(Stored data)
╔══
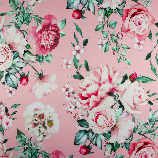 FS1033 Pink Rose Floral Scuba Stretch Knit Fabric Pink
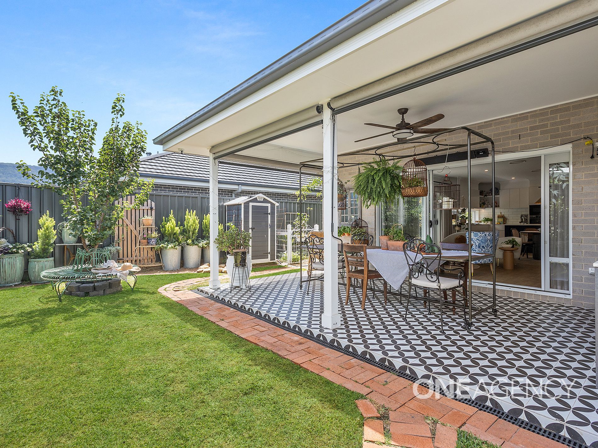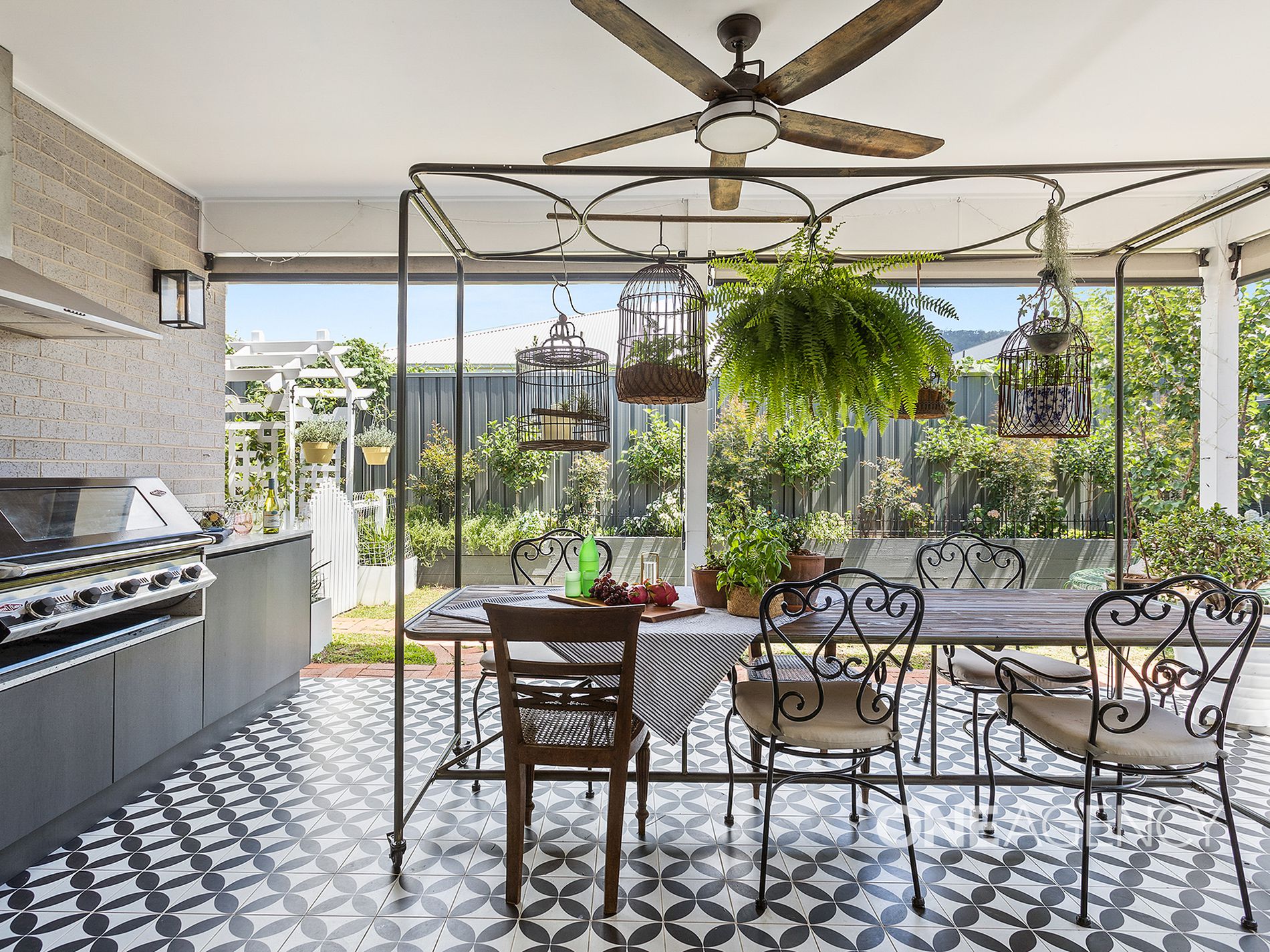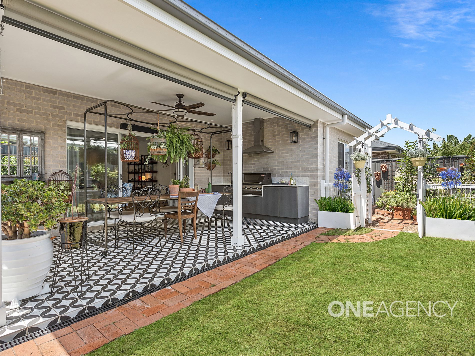 - Covered outdoor entertaining area with built-in BBQ
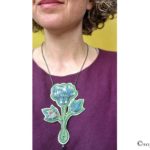 Voici l’un des plus grand spécimen de ma boutique. Ce collier plastron est né de la rencontre d’une pivoine et d’un scarabée. Il peut être porté en collier ou devenir un « bijou de mur », comme cela m’a si gentiment été suggéré. Je l’ai conçu pour les audacieuses qui osent porter de grandes parures pour attirer tous les regards !
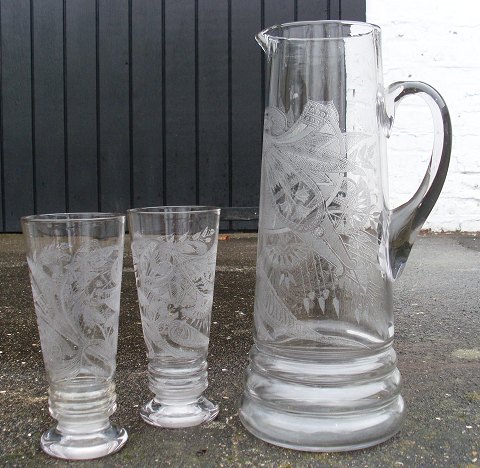 Stor tysk ølkande med tilhørende glas(2stk)
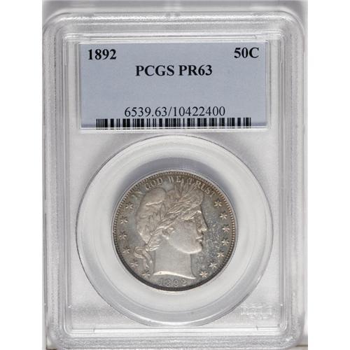 <B>1892 50C PR63 PCGS.</B></I> Medium golden-brown and cream-gray toning graces this meticulously struck and well preserved specimen. The reverse peripheral legend is die doubled, similar to FS-007.8, although that variety is a business strike.<BR><BR><b>Shipping:</b> Coin/Currency (<a target="_blank" href="http://www.heritageauctions.com/common/shipping.php">view shipping information</a>)
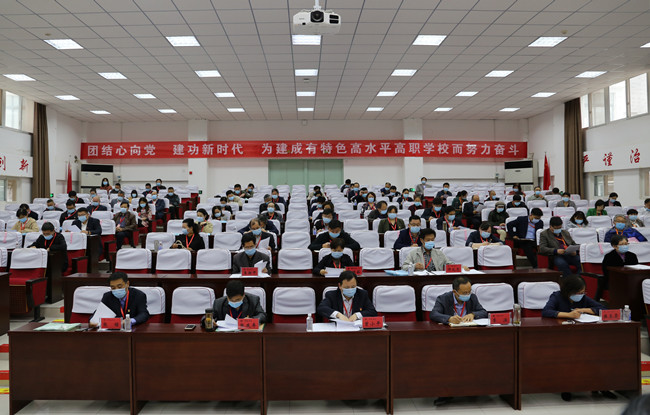 校党委委员、工会主席成芳以《团结动员全校教职工为“双高”建设再立新功》为题向大会做了工会工作报告,对2019年的工会工作进行总结,对2020年的工作进行展望。她讲到成绩的取得,得益于学校党委的正确领导,得益于校行政倾心支持,得益于市总工会的悉心指导,得益于学校各部门、各院部的协助配合,得益于广大工会干部和教职工的齐心团结。做好我校工会工作,必须做到始终坚持党的领导;始终坚持围绕中心服务大局;始终坚持竭诚服务教职工群众;始终坚持改革创新。2020年要按既定的目标任务,以坚定的政治性引导教职工,以鲜明的先进性组织教职工,以广泛的群众性凝聚教职工,着力打造更具引导力、创新力、凝聚力、服务力的工会组织,团结动员教职工为学校“双高”建设再立新功。
╚══
Set down exactly the lines of the entries above from the one holding "Stor tysk ølkande med tilhørende glas(2stk)" through the last one, including both, with the pictures left out.

 Stor tysk ølkande med tilhørende glas(2stk)
 <B>1892 50C PR63 PCGS.</B></I> Medium golden-brown and cream-gray toning graces this meticulously struck and well preserved specimen. The reverse peripheral legend is die doubled, similar to FS-007.8, although that variety is a business strike.<BR><BR><b>Shipping:</b> Coin/Currency (<a target="_blank" href="http://www.heritageauctions.com/common/shipping.php">view shipping information</a>)
 校党委委员、工会主席成芳以《团结动员全校教职工为“双高”建设再立新功》为题向大会做了工会工作报告,对2019年的工会工作进行总结,对2020年的工作进行展望。她讲到成绩的取得,得益于学校党委的正确领导,得益于校行政倾心支持,得益于市总工会的悉心指导,得益于学校各部门、各院部的协助配合,得益于广大工会干部和教职工的齐心团结。做好我校工会工作,必须做到始终坚持党的领导;始终坚持围绕中心服务大局;始终坚持竭诚服务教职工群众;始终坚持改革创新。2020年要按既定的目标任务,以坚定的政治性引导教职工,以鲜明的先进性组织教职工,以广泛的群众性凝聚教职工,着力打造更具引导力、创新力、凝聚力、服务力的工会组织,团结动员教职工为学校“双高”建设再立新功。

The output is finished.